▶ _Your task_
Copy exactly. Include the line containing "Blending modern design", every line after it, and the last line below, but no pictures.

▶ _Stored data_
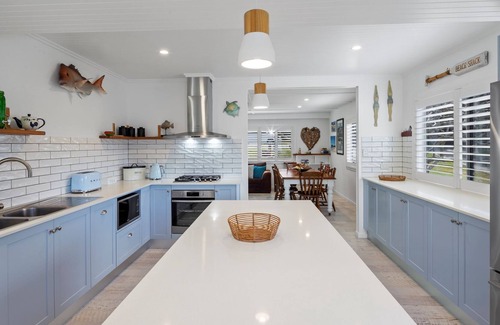 There’s space for everyone in this beautifully renovated beach house. Enjoy a morning cuppa in the sunshine on the main deck, listening to the birds and the ocean. Or sundowners on the lower deck, leading out from the family fun room (a former boatshed) which has a full size pool table, darts, games and a bar. It looks out over a large grassy lawn that’s perfect for backyard cricket or bocce.
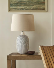 Blending modern design with timeless simplicity. The base features intricate black and white geometric lines for a striking visual contrast. Topped with a beige fabric shade, this table lamp is the perfect blend of artistry and practicality, adding a sophisticated touch to any room.
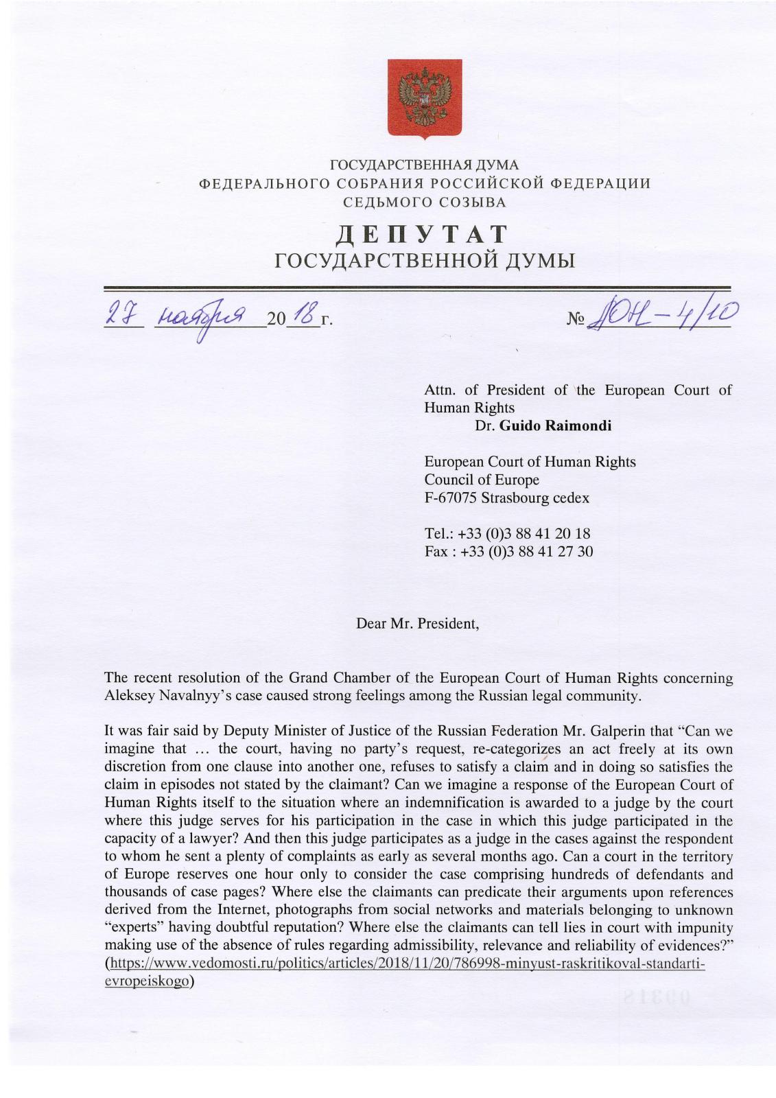 like to hope that thorough and reasoned reply to a Russian Parliament

▶ _Expected answer_
 Blending modern design with timeless simplicity. The base features intricate black and white geometric lines for a striking visual contrast. Topped with a beige fabric shade, this table lamp is the perfect blend of artistry and practicality, adding a sophisticated touch to any room.
 like to hope that thorough and reasoned reply to a Russian Parliament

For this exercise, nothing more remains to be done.